* What is required *
Could you set down only the lines from the one including "圖四:由于多天的連續(xù)" to the end of the records below, inclusive and exact, leaving pictures out?
----------
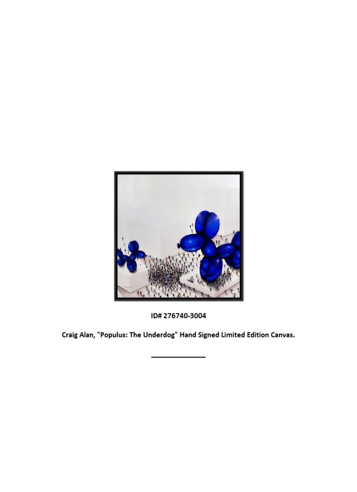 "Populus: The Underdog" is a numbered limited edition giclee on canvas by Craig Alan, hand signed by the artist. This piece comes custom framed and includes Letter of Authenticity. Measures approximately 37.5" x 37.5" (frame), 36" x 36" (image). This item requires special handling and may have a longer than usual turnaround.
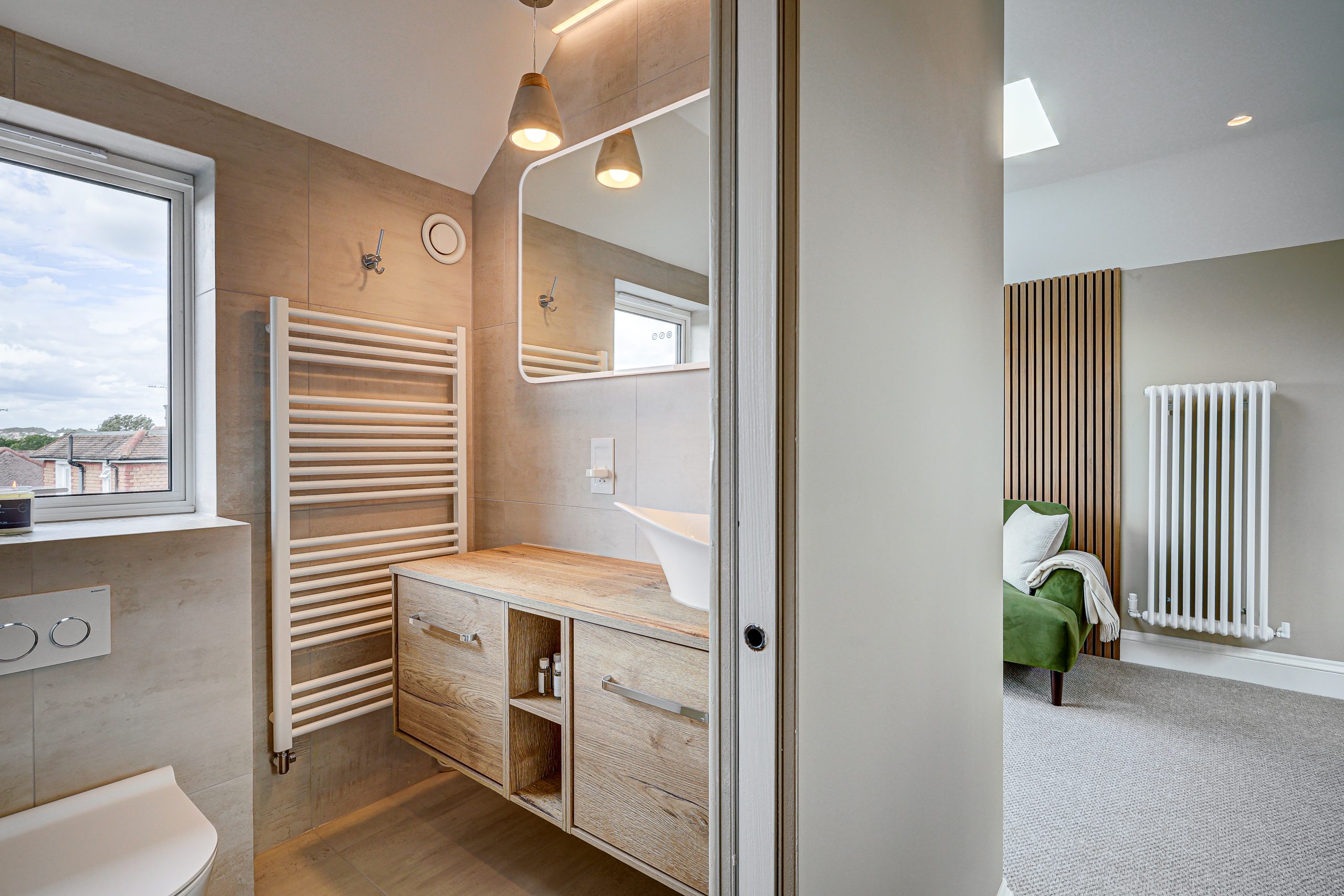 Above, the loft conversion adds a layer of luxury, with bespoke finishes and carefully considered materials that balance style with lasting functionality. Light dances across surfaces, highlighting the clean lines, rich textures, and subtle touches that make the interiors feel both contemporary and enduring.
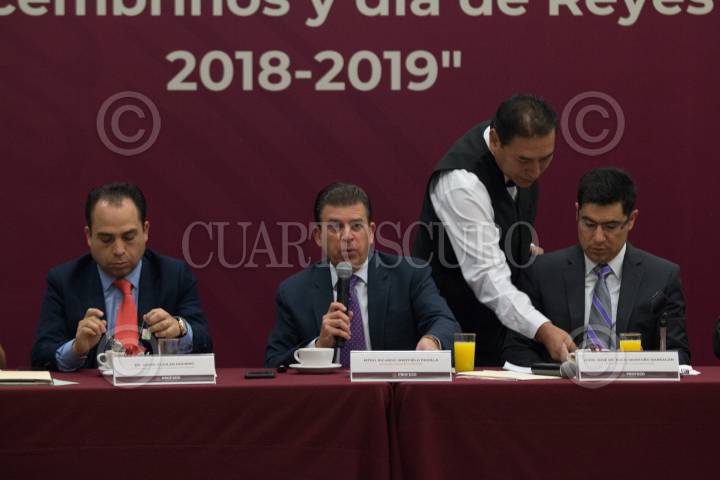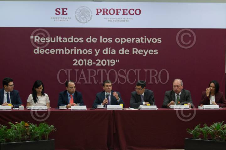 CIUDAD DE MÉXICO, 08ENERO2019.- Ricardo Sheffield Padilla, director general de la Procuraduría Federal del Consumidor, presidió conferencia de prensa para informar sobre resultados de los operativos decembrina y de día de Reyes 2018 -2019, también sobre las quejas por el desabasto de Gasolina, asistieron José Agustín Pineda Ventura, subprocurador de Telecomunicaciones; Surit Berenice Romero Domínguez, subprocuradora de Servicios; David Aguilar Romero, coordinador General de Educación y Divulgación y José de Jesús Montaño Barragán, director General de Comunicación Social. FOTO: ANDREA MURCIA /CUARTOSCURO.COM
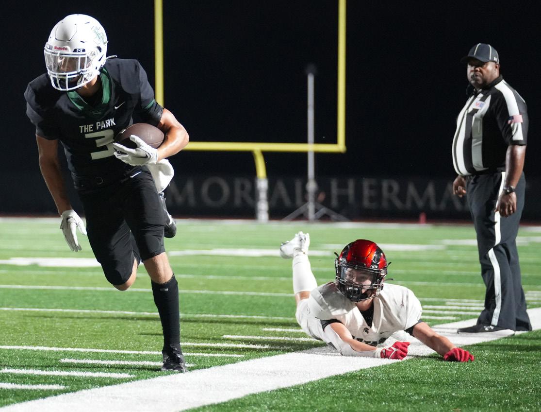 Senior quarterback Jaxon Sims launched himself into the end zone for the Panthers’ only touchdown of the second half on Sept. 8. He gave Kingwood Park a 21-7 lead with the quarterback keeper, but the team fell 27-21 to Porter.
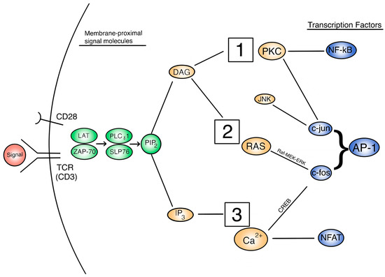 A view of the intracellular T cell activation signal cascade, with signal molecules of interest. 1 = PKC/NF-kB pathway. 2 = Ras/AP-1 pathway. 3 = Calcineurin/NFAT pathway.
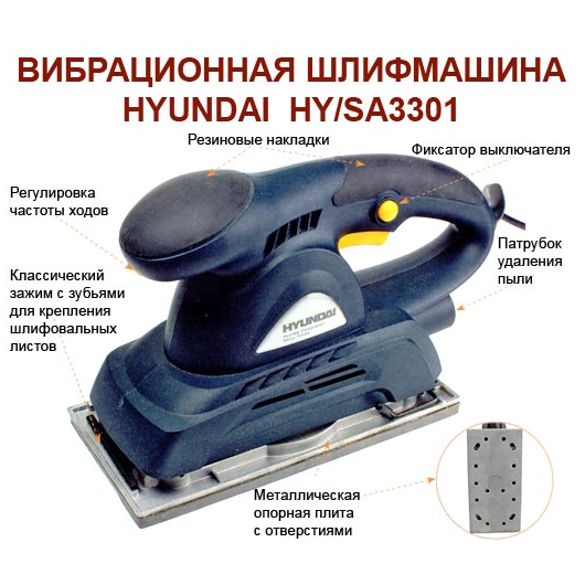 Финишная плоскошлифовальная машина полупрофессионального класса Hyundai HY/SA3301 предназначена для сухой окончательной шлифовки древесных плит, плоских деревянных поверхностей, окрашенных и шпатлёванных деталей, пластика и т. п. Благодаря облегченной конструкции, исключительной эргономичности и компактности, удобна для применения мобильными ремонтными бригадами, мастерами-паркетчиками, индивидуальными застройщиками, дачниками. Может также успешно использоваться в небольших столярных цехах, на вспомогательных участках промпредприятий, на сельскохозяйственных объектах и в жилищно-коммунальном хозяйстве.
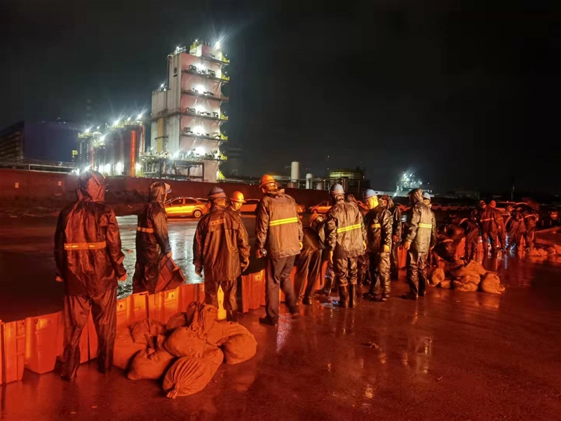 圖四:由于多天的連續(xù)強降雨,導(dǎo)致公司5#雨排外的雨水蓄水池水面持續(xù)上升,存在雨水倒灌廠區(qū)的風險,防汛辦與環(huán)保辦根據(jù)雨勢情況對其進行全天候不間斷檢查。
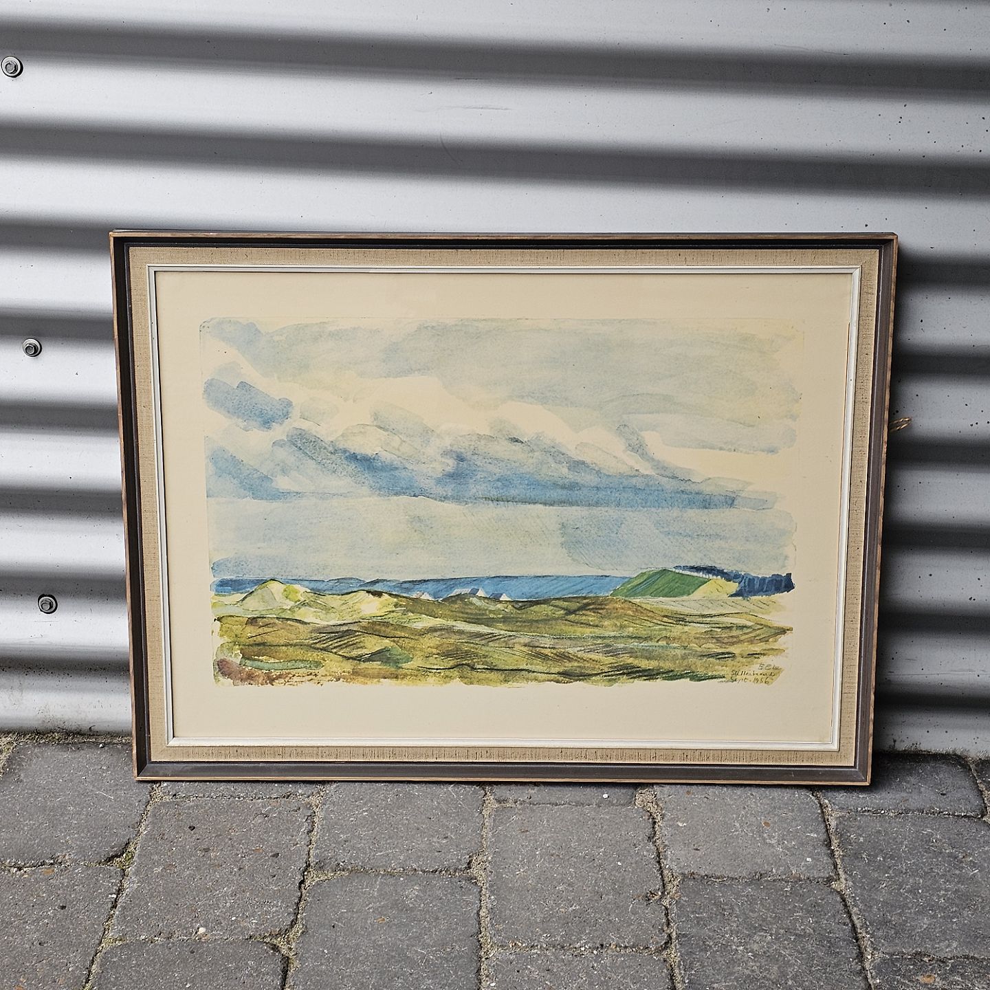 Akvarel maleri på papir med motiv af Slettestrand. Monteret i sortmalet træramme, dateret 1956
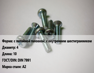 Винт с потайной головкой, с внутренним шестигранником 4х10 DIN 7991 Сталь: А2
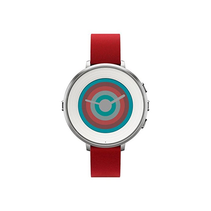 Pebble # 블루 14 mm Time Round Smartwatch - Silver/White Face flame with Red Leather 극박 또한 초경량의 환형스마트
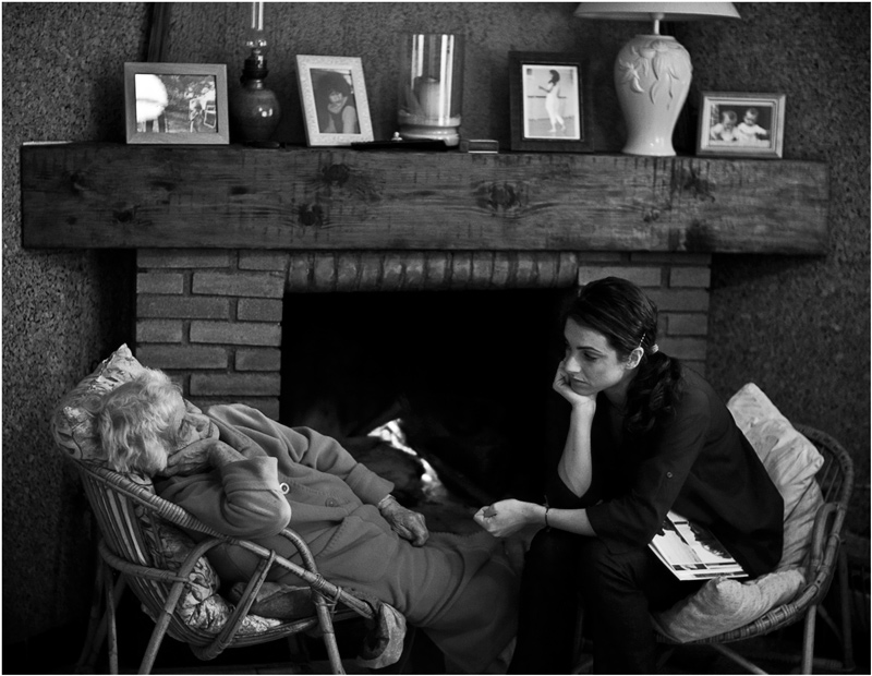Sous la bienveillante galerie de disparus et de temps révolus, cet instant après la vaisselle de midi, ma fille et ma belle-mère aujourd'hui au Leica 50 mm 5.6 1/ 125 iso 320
----------
* Your response *
 圖四:由于多天的連續(xù)強降雨,導(dǎo)致公司5#雨排外的雨水蓄水池水面持續(xù)上升,存在雨水倒灌廠區(qū)的風險,防汛辦與環(huán)保辦根據(jù)雨勢情況對其進行全天候不間斷檢查。
 Akvarel maleri på papir med motiv af Slettestrand. Monteret i sortmalet træramme, dateret 1956
 Винт с потайной головкой, с внутренним шестигранником 4х10 DIN 7991 Сталь: А2
 Pebble # 블루 14 mm Time Round Smartwatch - Silver/White Face flame with Red Leather 극박 또한 초경량의 환형스마트
Sous la bienveillante galerie de disparus et de temps révolus, cet instant après la vaisselle de midi, ma fille et ma belle-mère aujourd'hui au Leica 50 mm 5.6 1/ 125 iso 320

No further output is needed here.